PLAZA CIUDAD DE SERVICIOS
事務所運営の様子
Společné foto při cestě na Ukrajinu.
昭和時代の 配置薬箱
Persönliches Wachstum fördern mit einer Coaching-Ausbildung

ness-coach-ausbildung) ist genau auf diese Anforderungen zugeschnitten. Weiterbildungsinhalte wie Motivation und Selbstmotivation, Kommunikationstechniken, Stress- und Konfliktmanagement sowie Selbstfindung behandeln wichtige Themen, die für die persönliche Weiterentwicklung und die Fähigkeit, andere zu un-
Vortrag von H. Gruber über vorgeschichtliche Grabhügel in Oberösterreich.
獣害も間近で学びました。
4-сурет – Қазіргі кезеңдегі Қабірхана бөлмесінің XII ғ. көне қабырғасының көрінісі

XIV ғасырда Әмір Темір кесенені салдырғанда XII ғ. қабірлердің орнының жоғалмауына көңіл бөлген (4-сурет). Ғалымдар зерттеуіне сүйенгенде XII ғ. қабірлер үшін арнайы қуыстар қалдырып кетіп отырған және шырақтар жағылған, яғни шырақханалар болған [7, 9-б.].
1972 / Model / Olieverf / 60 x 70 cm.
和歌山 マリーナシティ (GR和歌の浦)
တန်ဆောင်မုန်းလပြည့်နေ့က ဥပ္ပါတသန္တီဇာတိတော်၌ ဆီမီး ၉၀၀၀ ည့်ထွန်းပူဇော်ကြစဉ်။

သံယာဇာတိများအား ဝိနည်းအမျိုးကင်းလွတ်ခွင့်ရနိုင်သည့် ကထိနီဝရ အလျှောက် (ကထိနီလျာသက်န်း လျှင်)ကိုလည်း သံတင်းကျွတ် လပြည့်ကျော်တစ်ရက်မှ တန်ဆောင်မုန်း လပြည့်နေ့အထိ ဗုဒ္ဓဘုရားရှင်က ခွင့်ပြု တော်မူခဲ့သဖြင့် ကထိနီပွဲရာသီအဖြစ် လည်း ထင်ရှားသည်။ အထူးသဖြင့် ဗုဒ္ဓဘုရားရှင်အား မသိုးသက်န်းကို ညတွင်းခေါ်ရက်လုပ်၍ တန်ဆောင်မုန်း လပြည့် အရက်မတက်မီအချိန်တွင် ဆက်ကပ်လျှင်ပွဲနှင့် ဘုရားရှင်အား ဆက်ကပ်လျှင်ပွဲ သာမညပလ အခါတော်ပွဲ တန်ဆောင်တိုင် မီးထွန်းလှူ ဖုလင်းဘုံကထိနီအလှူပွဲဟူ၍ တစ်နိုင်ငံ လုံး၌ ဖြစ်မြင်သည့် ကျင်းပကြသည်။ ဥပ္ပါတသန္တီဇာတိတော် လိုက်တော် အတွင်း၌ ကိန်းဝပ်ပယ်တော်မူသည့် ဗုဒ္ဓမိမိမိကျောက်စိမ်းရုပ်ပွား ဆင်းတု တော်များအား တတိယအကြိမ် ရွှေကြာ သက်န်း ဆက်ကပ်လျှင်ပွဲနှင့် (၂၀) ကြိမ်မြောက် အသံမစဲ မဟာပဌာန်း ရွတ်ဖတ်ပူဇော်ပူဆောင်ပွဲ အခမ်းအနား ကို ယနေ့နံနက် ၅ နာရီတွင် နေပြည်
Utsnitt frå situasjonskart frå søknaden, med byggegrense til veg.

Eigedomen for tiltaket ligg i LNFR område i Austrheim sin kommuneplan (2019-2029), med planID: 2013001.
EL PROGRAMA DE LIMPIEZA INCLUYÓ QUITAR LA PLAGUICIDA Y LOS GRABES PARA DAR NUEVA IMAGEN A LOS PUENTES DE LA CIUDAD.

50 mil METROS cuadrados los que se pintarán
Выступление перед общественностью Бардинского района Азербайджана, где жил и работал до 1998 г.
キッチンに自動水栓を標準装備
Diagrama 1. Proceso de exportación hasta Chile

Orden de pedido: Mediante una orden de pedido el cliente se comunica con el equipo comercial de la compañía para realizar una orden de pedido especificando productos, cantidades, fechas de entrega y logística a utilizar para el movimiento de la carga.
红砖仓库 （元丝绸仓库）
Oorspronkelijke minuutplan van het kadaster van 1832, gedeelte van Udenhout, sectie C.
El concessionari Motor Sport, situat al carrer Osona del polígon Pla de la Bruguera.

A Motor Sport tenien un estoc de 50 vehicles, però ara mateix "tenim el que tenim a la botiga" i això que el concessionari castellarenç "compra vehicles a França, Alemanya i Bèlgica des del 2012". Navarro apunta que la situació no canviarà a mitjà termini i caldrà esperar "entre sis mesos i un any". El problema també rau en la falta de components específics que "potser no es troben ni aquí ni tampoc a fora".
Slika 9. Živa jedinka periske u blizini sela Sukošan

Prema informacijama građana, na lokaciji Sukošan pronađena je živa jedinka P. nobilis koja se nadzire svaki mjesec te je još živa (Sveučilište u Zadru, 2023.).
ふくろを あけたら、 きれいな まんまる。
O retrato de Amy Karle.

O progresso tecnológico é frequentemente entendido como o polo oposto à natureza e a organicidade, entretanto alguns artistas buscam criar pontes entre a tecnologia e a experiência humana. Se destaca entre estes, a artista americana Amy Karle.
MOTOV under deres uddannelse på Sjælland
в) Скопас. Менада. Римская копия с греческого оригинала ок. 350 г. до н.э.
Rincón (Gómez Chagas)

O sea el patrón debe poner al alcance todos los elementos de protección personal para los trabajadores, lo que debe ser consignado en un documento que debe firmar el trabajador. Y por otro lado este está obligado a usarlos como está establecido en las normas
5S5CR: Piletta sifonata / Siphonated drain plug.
------------------------------------
Recopy the entries above exactly, with every line included.

PLAZA CIUDAD DE SERVICIOS
事務所運営の様子
Společné foto při cestě na Ukrajinu.
昭和時代の 配置薬箱
Persönliches Wachstum fördern mit einer Coaching-Ausbildung

ness-coach-ausbildung) ist genau auf diese Anforderungen zugeschnitten. Weiterbildungsinhalte wie Motivation und Selbstmotivation, Kommunikationstechniken, Stress- und Konfliktmanagement sowie Selbstfindung behandeln wichtige Themen, die für die persönliche Weiterentwicklung und die Fähigkeit, andere zu un-
Vortrag von H. Gruber über vorgeschichtliche Grabhügel in Oberösterreich.
獣害も間近で学びました。
4-сурет – Қазіргі кезеңдегі Қабірхана бөлмесінің XII ғ. көне қабырғасының көрінісі

XIV ғасырда Әмір Темір кесенені салдырғанда XII ғ. қабірлердің орнының жоғалмауына көңіл бөлген (4-сурет). Ғалымдар зерттеуіне сүйенгенде XII ғ. қабірлер үшін арнайы қуыстар қалдырып кетіп отырған және шырақтар жағылған, яғни шырақханалар болған [7, 9-б.].
1972 / Model / Olieverf / 60 x 70 cm.
和歌山 マリーナシティ (GR和歌の浦)
တန်ဆောင်မုန်းလပြည့်နေ့က ဥပ္ပါတသန္တီဇာတိတော်၌ ဆီမီး ၉၀၀၀ ည့်ထွန်းပူဇော်ကြစဉ်။

သံယာဇာတိများအား ဝိနည်းအမျိုးကင်းလွတ်ခွင့်ရနိုင်သည့် ကထိနီဝရ အလျှောက် (ကထိနီလျာသက်န်း လျှင်)ကိုလည်း သံတင်းကျွတ် လပြည့်ကျော်တစ်ရက်မှ တန်ဆောင်မုန်း လပြည့်နေ့အထိ ဗုဒ္ဓဘုရားရှင်က ခွင့်ပြု တော်မူခဲ့သဖြင့် ကထိနီပွဲရာသီအဖြစ် လည်း ထင်ရှားသည်။ အထူးသဖြင့် ဗုဒ္ဓဘုရားရှင်အား မသိုးသက်န်းကို ညတွင်းခေါ်ရက်လုပ်၍ တန်ဆောင်မုန်း လပြည့် အရက်မတက်မီအချိန်တွင် ဆက်ကပ်လျှင်ပွဲနှင့် ဘုရားရှင်အား ဆက်ကပ်လျှင်ပွဲ သာမညပလ အခါတော်ပွဲ တန်ဆောင်တိုင် မီးထွန်းလှူ ဖုလင်းဘုံကထိနီအလှူပွဲဟူ၍ တစ်နိုင်ငံ လုံး၌ ဖြစ်မြင်သည့် ကျင်းပကြသည်။ ဥပ္ပါတသန္တီဇာတိတော် လိုက်တော် အတွင်း၌ ကိန်းဝပ်ပယ်တော်မူသည့် ဗုဒ္ဓမိမိမိကျောက်စိမ်းရုပ်ပွား ဆင်းတု တော်များအား တတိယအကြိမ် ရွှေကြာ သက်န်း ဆက်ကပ်လျှင်ပွဲနှင့် (၂၀) ကြိမ်မြောက် အသံမစဲ မဟာပဌာန်း ရွတ်ဖတ်ပူဇော်ပူဆောင်ပွဲ အခမ်းအနား ကို ယနေ့နံနက် ၅ နာရီတွင် နေပြည်
Utsnitt frå situasjonskart frå søknaden, med byggegrense til veg.

Eigedomen for tiltaket ligg i LNFR område i Austrheim sin kommuneplan (2019-2029), med planID: 2013001.
EL PROGRAMA DE LIMPIEZA INCLUYÓ QUITAR LA PLAGUICIDA Y LOS GRABES PARA DAR NUEVA IMAGEN A LOS PUENTES DE LA CIUDAD.

50 mil METROS cuadrados los que se pintarán
Выступление перед общественностью Бардинского района Азербайджана, где жил и работал до 1998 г.
キッチンに自動水栓を標準装備
Diagrama 1. Proceso de exportación hasta Chile

Orden de pedido: Mediante una orden de pedido el cliente se comunica con el equipo comercial de la compañía para realizar una orden de pedido especificando productos, cantidades, fechas de entrega y logística a utilizar para el movimiento de la carga.
红砖仓库 （元丝绸仓库）
Oorspronkelijke minuutplan van het kadaster van 1832, gedeelte van Udenhout, sectie C.
El concessionari Motor Sport, situat al carrer Osona del polígon Pla de la Bruguera.

A Motor Sport tenien un estoc de 50 vehicles, però ara mateix "tenim el que tenim a la botiga" i això que el concessionari castellarenç "compra vehicles a França, Alemanya i Bèlgica des del 2012". Navarro apunta que la situació no canviarà a mitjà termini i caldrà esperar "entre sis mesos i un any". El problema també rau en la falta de components específics que "potser no es troben ni aquí ni tampoc a fora".
Slika 9. Živa jedinka periske u blizini sela Sukošan

Prema informacijama građana, na lokaciji Sukošan pronađena je živa jedinka P. nobilis koja se nadzire svaki mjesec te je još živa (Sveučilište u Zadru, 2023.).
ふくろを あけたら、 きれいな まんまる。
O retrato de Amy Karle.

O progresso tecnológico é frequentemente entendido como o polo oposto à natureza e a organicidade, entretanto alguns artistas buscam criar pontes entre a tecnologia e a experiência humana. Se destaca entre estes, a artista americana Amy Karle.
MOTOV under deres uddannelse på Sjælland
в) Скопас. Менада. Римская копия с греческого оригинала ок. 350 г. до н.э.
Rincón (Gómez Chagas)

O sea el patrón debe poner al alcance todos los elementos de protección personal para los trabajadores, lo que debe ser consignado en un documento que debe firmar el trabajador. Y por otro lado este está obligado a usarlos como está establecido en las normas
5S5CR: Piletta sifonata / Siphonated drain plug.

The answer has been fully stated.